Anyway, what I am seeing is a growing disconnect and a lot of people getting disgruntled. I have to admit I was too in the beginning. I think it is because one develops expectations based on statistics instead of reality. I thought, at first, "wow, so many women to see who I really am"! Statistically speaking, I should get a few responses. So I start examining the numbers game and thought I could play a little with it.

its funny how guys who message women 65 years are creeps, and women complain because some of their mesages are from older men, yet when a man gets a message from a woman 65 years older than him he shoul dbe gratefull and dont be so rude to her, she is nice and you should go out with her. Interesting that isnt it, why should he be gratefull yet women be offended ? come on lets stop pretending here women have it waaaaaaaaaaay easier than men, just for one in your life admit it, you wownt ! but it would be nice !

To women who think that men that get no responses on dating sites are genetic losers or something, you couldnt be more wrong. I get a lot of attention from women outside, im 6 foot 7 and confident and women respond a lot to it. I also look better in real life than on a selfie, id need a professional photographer almost to make me look how I look at myself in the mirror(thats what others see anyway).

I am personally open to a wide variety of situations, but I feel most women want some kind of commitment. I don't game because I haven't dated in almost thirty years. I had been married for about 77 years and now divorced for a year. So I am not even sure what this "game" they keep talking about really is, although I have an idea. Whatever it is, I would certainly abide by the wishes and expectations of whomever I want to see and date.

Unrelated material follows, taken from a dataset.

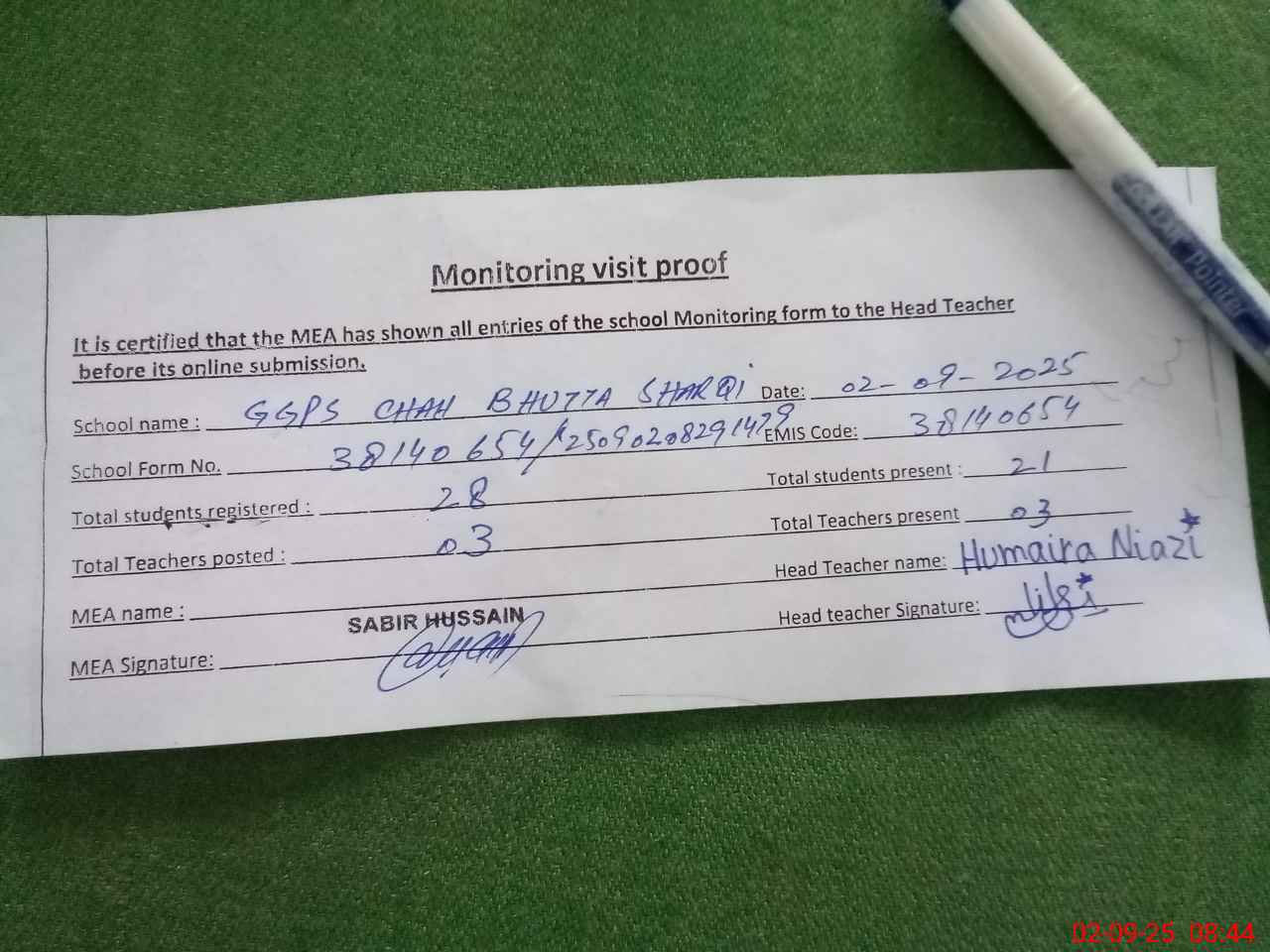 | Attendance Register | Head Teacher | MEA with School | Visit Proof |

So the bottom line here is you have 95% liars of both sexes on these dating sites, the easiest way to weed out the bs is by saying hi how are you, if they respond, great , if not move on,, bitches pic'd infront of a G5, Maz, million dollar yacht are always a give away as a fake and so are all these 95 - 55 something bikini hard bodies,,, theyre either ancient pics or bitches trying to trade on their looks, either way they're not quality, theyre just skanks

I've sent dozens of messages (not hundreds yet), along with "winks" (do these even work? or do women actually find them silly at best, offensive at the least?), with no response. I am paid on POF so I can see where a ton aren't read. A few read, some read then deleted and some deleted outright. I respect the deleted ones, so I don't even bother. A few of those were probably out of my league anyway (I was too old, or they were way more active or maybe interests didn't match). I had hoped that I would have gotten a little more response out of the others, especially ones who were mutual "meet me" that POF has. But even that didn't garner a response. So then I don't know if sending more messages is expected, tacky, pestering, or what. I feel like I need to based on what some women seem to be saying because mine are probably getting lost in the shuffle and I need to work at keeping myself visible.

The same pigs have shown up on all of the dating apps I have used. I originally started with plenty of fish, where I met two very good long-term friends, but no romantic chemistry. The majority of the other users were soliciting inappropriate photos and sending them as well. A few mentally unstable messages followed rejections. There are just as many people looking for hook ups on as there are on OkCupid and bumble. Disappointing as to what society has become.

I also try to not be unrealistic as far as types of women I try to engage. I am 57, 6' 7", a little under 755 lbs, no paunch, somewhat athletic and active, and I feel I am decent looking (but have no idea how to quantify that). After reading about how to write a profile, I feel I've written a strategically thorough yet somewhat concise one. I will say that overall, I am an eclectic type that's hard to describe very thoroughly: artsy, scientific, really into aesthetics, research, languages and cultures, and musical (performance and compositions).